Stored records:
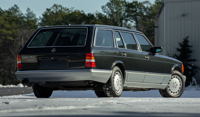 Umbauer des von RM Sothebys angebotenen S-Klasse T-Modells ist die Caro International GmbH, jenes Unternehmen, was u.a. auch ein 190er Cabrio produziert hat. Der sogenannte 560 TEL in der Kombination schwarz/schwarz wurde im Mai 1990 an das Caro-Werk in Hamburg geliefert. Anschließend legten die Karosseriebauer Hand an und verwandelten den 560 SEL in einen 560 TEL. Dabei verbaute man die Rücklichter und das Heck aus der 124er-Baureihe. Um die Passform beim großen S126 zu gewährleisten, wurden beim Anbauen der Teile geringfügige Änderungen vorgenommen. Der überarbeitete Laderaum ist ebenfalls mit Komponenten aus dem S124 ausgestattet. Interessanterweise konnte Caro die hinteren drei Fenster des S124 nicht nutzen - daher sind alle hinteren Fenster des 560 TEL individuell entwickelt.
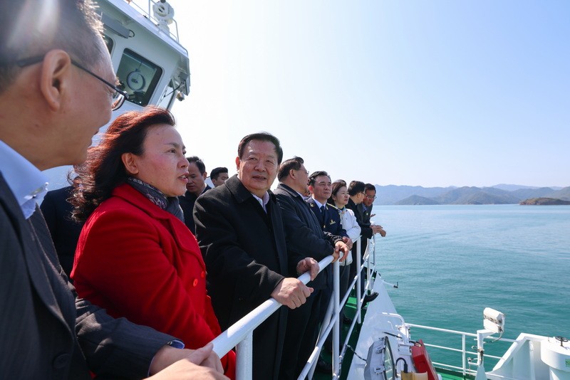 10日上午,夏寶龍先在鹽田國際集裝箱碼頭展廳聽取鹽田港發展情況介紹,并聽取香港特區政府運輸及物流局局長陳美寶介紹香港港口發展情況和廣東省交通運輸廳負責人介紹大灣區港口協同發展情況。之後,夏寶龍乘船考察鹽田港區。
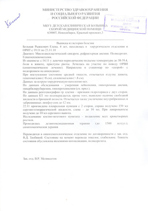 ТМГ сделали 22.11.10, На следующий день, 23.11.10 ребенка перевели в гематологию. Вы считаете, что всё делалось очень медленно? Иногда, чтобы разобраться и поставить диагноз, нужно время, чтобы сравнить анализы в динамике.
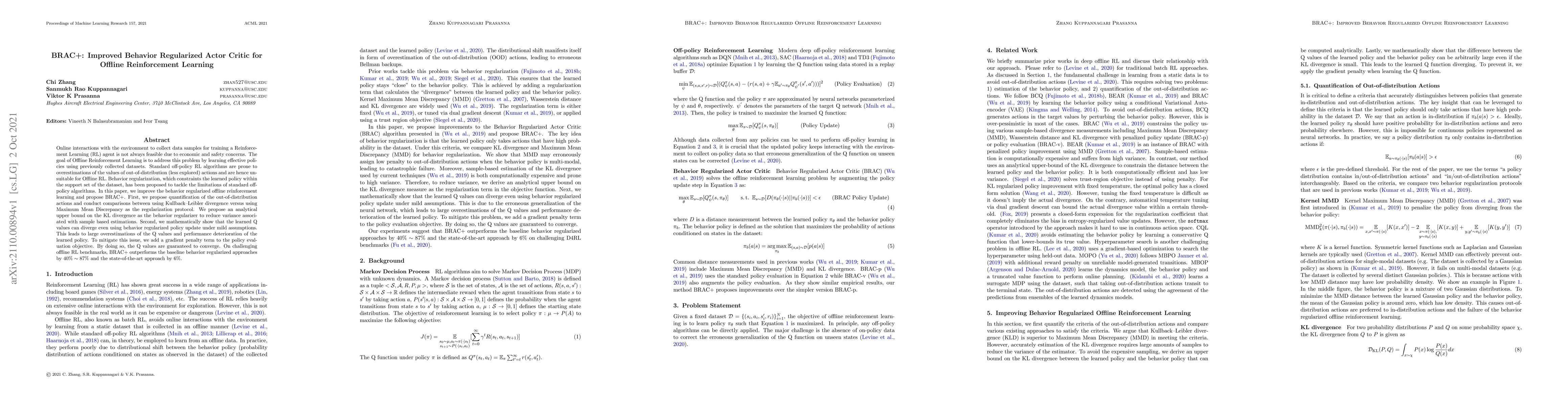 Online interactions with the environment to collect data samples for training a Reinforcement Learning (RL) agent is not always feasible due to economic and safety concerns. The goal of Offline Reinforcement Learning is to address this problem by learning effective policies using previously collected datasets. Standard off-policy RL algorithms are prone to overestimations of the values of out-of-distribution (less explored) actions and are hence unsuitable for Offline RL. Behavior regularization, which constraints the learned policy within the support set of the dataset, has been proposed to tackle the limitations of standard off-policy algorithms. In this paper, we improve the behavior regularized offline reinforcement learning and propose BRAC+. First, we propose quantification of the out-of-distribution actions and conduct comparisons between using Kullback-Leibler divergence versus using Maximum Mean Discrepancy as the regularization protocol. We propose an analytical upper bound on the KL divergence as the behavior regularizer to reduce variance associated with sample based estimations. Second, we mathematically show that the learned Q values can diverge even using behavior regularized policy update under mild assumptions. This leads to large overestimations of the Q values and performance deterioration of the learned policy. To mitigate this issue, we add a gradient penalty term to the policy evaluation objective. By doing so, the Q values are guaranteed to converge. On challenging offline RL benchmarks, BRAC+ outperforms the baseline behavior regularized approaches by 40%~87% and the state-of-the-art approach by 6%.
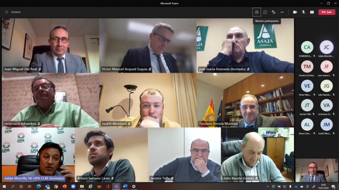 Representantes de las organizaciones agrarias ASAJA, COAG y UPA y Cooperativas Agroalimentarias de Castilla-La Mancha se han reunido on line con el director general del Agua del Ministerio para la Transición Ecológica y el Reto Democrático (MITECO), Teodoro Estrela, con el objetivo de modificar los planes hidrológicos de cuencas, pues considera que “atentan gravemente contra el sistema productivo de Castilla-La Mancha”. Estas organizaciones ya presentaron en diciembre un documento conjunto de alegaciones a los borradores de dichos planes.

Work task | Repeat each record exactly, with the pictures left out.

Task solution |
 Umbauer des von RM Sothebys angebotenen S-Klasse T-Modells ist die Caro International GmbH, jenes Unternehmen, was u.a. auch ein 190er Cabrio produziert hat. Der sogenannte 560 TEL in der Kombination schwarz/schwarz wurde im Mai 1990 an das Caro-Werk in Hamburg geliefert. Anschließend legten die Karosseriebauer Hand an und verwandelten den 560 SEL in einen 560 TEL. Dabei verbaute man die Rücklichter und das Heck aus der 124er-Baureihe. Um die Passform beim großen S126 zu gewährleisten, wurden beim Anbauen der Teile geringfügige Änderungen vorgenommen. Der überarbeitete Laderaum ist ebenfalls mit Komponenten aus dem S124 ausgestattet. Interessanterweise konnte Caro die hinteren drei Fenster des S124 nicht nutzen - daher sind alle hinteren Fenster des 560 TEL individuell entwickelt.
 10日上午,夏寶龍先在鹽田國際集裝箱碼頭展廳聽取鹽田港發展情況介紹,并聽取香港特區政府運輸及物流局局長陳美寶介紹香港港口發展情況和廣東省交通運輸廳負責人介紹大灣區港口協同發展情況。之後,夏寶龍乘船考察鹽田港區。
 ТМГ сделали 22.11.10, На следующий день, 23.11.10 ребенка перевели в гематологию. Вы считаете, что всё делалось очень медленно? Иногда, чтобы разобраться и поставить диагноз, нужно время, чтобы сравнить анализы в динамике.
 Online interactions with the environment to collect data samples for training a Reinforcement Learning (RL) agent is not always feasible due to economic and safety concerns. The goal of Offline Reinforcement Learning is to address this problem by learning effective policies using previously collected datasets. Standard off-policy RL algorithms are prone to overestimations of the values of out-of-distribution (less explored) actions and are hence unsuitable for Offline RL. Behavior regularization, which constraints the learned policy within the support set of the dataset, has been proposed to tackle the limitations of standard off-policy algorithms. In this paper, we improve the behavior regularized offline reinforcement learning and propose BRAC+. First, we propose quantification of the out-of-distribution actions and conduct comparisons between using Kullback-Leibler divergence versus using Maximum Mean Discrepancy as the regularization protocol. We propose an analytical upper bound on the KL divergence as the behavior regularizer to reduce variance associated with sample based estimations. Second, we mathematically show that the learned Q values can diverge even using behavior regularized policy update under mild assumptions. This leads to large overestimations of the Q values and performance deterioration of the learned policy. To mitigate this issue, we add a gradient penalty term to the policy evaluation objective. By doing so, the Q values are guaranteed to converge. On challenging offline RL benchmarks, BRAC+ outperforms the baseline behavior regularized approaches by 40%~87% and the state-of-the-art approach by 6%.
 Representantes de las organizaciones agrarias ASAJA, COAG y UPA y Cooperativas Agroalimentarias de Castilla-La Mancha se han reunido on line con el director general del Agua del Ministerio para la Transición Ecológica y el Reto Democrático (MITECO), Teodoro Estrela, con el objetivo de modificar los planes hidrológicos de cuencas, pues considera que “atentan gravemente contra el sistema productivo de Castilla-La Mancha”. Estas organizaciones ya presentaron en diciembre un documento conjunto de alegaciones a los borradores de dichos planes.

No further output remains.